═══ Entries supplied

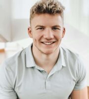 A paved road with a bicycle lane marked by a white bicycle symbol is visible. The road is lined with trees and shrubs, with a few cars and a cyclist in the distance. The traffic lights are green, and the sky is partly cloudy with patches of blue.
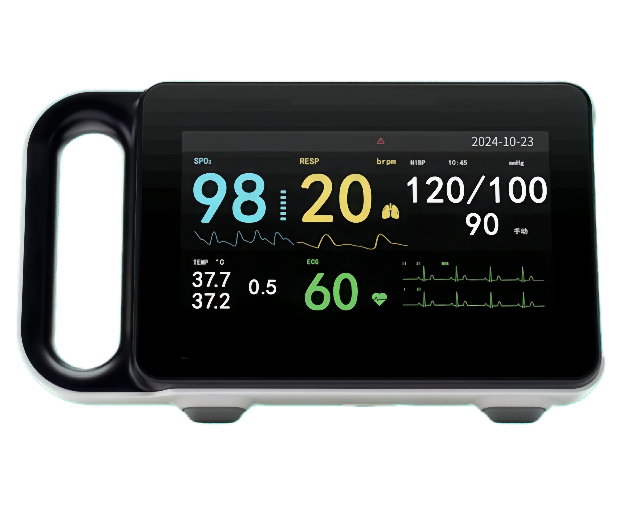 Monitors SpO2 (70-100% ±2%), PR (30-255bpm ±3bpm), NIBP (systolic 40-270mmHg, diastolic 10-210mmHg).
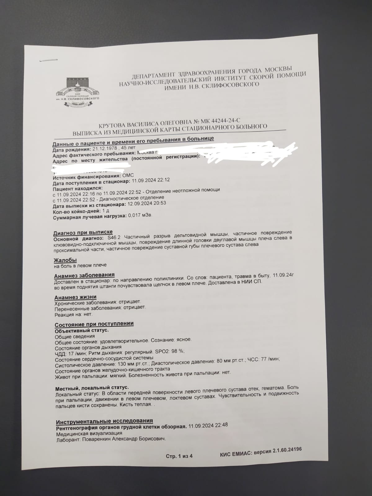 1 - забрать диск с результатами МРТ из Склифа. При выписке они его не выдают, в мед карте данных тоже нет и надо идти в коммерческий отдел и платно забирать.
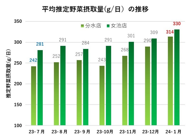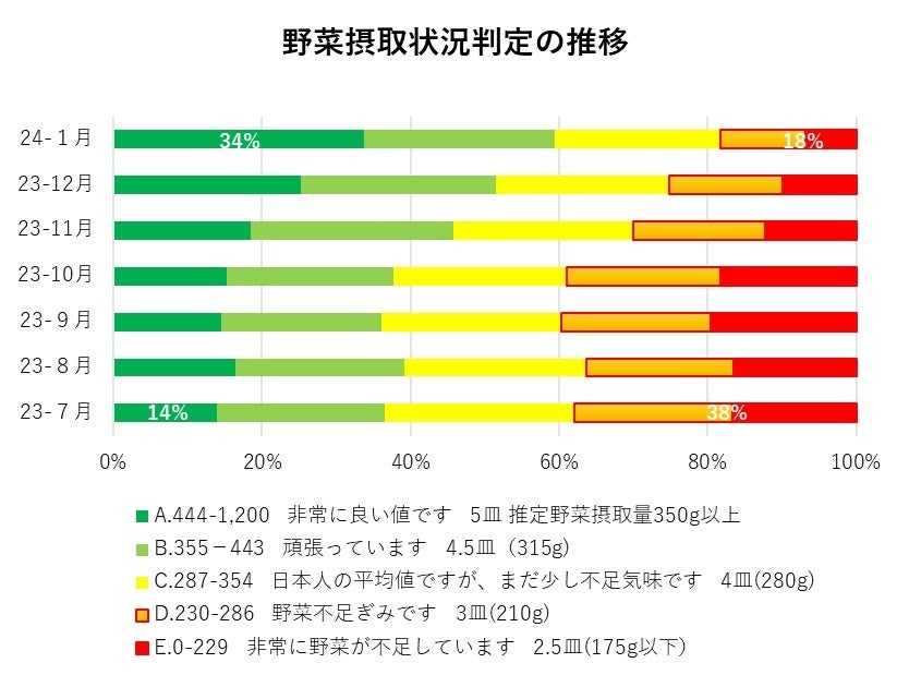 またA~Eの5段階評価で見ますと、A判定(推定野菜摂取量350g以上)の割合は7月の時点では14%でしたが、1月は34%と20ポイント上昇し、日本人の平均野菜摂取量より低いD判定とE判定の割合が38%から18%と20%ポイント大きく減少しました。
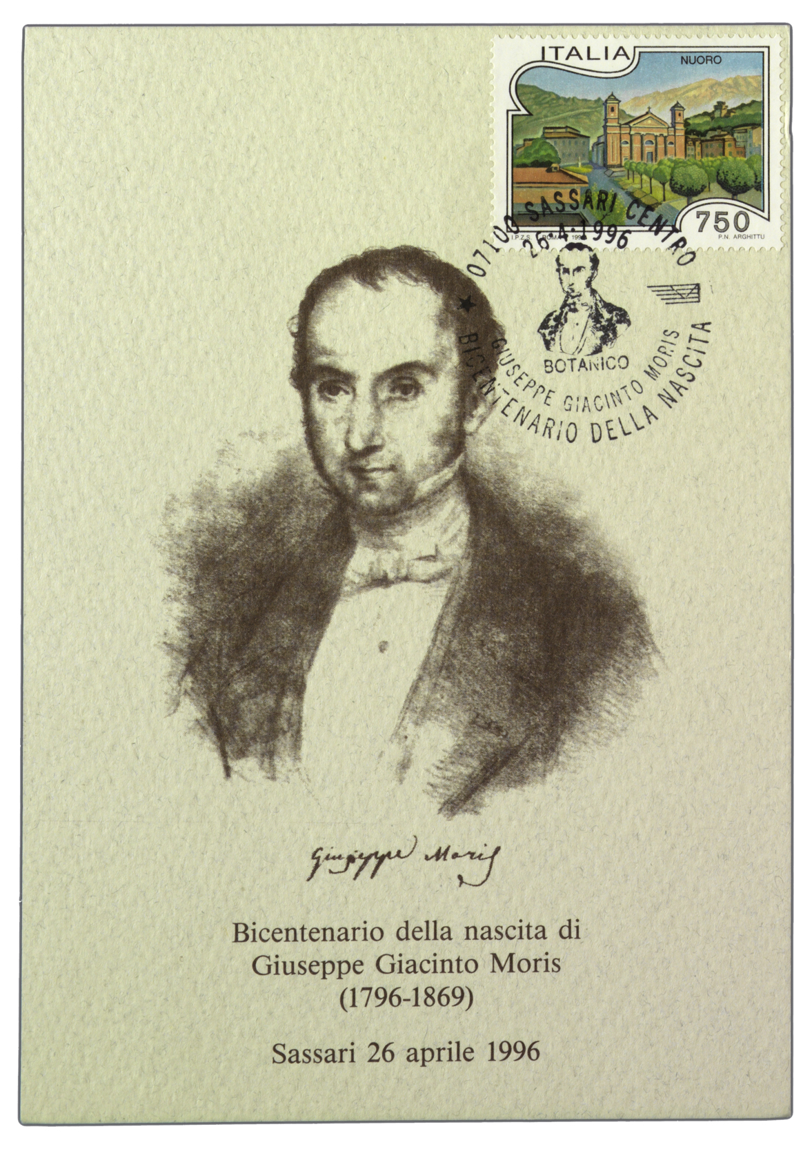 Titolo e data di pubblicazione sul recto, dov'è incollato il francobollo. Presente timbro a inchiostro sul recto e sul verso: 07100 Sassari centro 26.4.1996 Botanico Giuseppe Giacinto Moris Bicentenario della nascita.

══════
═══ Entries supplied

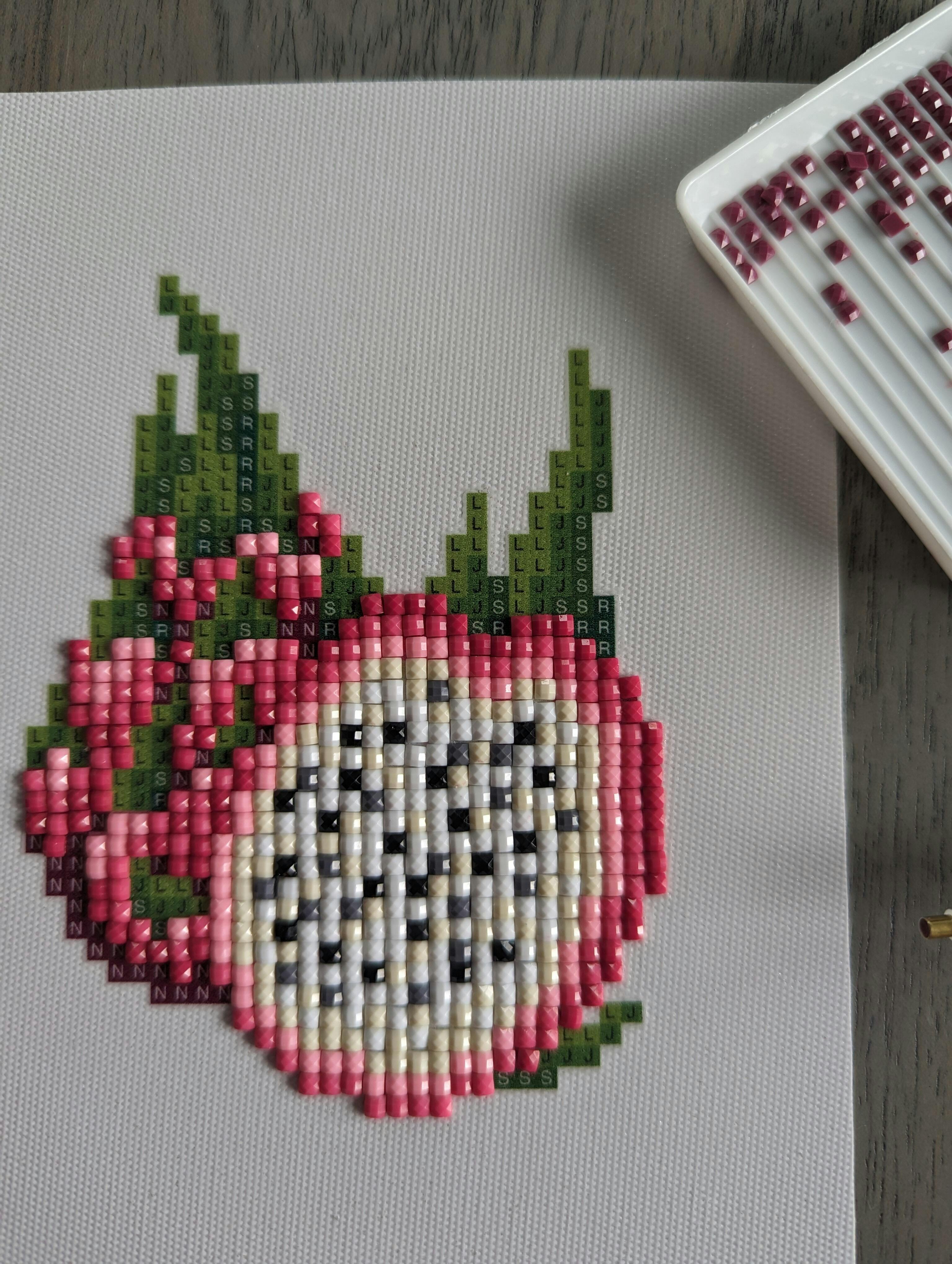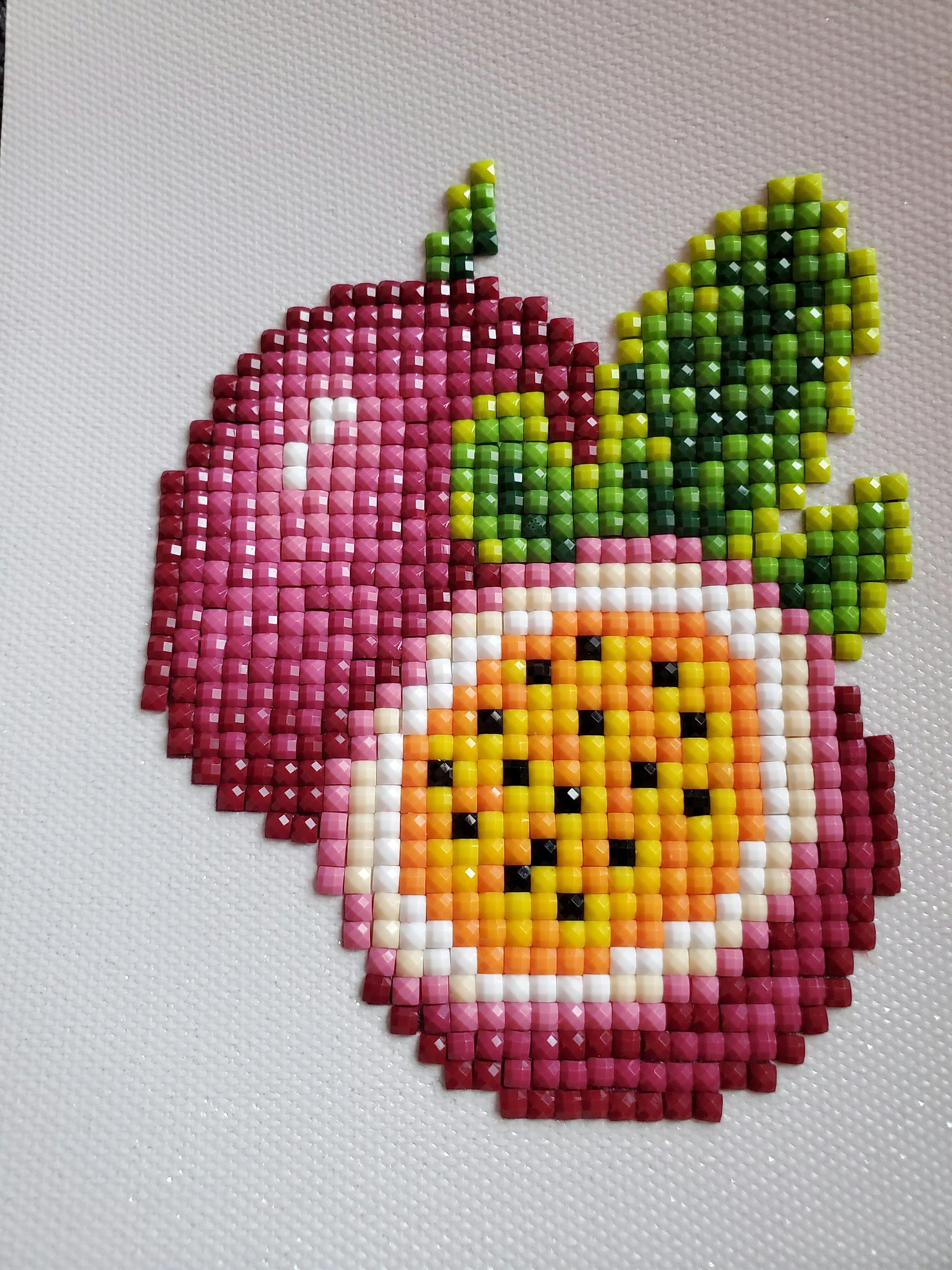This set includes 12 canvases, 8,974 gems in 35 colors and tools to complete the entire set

══════

### Your goal
Would you transcribe the lines above exactly, going from the line bearing "1 - забрать" through the line bearing "またA~Eの5段階評価で見ま", and drop the pictures from the copy?

### Result of this exercise
 1 - забрать диск с результатами МРТ из Склифа. При выписке они его не выдают, в мед карте данных тоже нет и надо идти в коммерческий отдел и платно забирать.
 またA~Eの5段階評価で見ますと、A判定(推定野菜摂取量350g以上)の割合は7月の時点では14%でしたが、1月は34%と20ポイント上昇し、日本人の平均野菜摂取量より低いD判定とE判定の割合が38%から18%と20%ポイント大きく減少しました。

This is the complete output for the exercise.